Paurito is a small town in the Santa Cruz Department in the South American Andean Plurinational State of Bolivia.

Location 
Paurito is the central town of Cantón Paurito and is located in Santa Cruz Municipality in Andrés Ibáñez Province. It is situated at an elevation of 356 m fourteen kilometers west of Río Grande, one of the largest rivers in the Bolivian lowlands.

Roads 
Paurito is located 27 kilometers south-east of the departmental capital Santa Cruz.
From Santa Cruz the tarmac road Ruta 4/Ruta 9 goes 18 km east to Cotoca and then to Puerto Pailas where it crosses the Río Grande and reaches Pailón on the river's eastern banks.

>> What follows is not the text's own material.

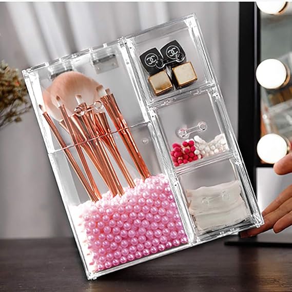 Amazon メイク 化粧ブラシ ケース 化粧筆ボックス フェイスブラシ収納 コスメ 化粧品 口紅 リップ スポンジパフ メイクスポンジ 小物入れ 女子へのギフト アクリル製 透明 V Hanver メイクボックス 通販

From Pailón, Ruta 4 goes further east for another 587 km before it reaches Puerto Suárez on the Brazilian border, while Ruta 9 goes north to Guayaramerin after 1175 km.
At Cotoca, a dirt road leaves the Rutas 4/9 in a southern direction and reaches Paurito after sixteen kilometers.

Population 
The population of the place has increased rapidly over the past two decades as the following table shows:

Due to the population movements over the past decades, the region has a certain amount of Quechua population, in the Santa Cruz Municipality 12.0 percent of the population speak the Quechua language.

References

External links
Map of Andrés Ibáñez Province

Populated places in Santa Cruz Department (Bolivia)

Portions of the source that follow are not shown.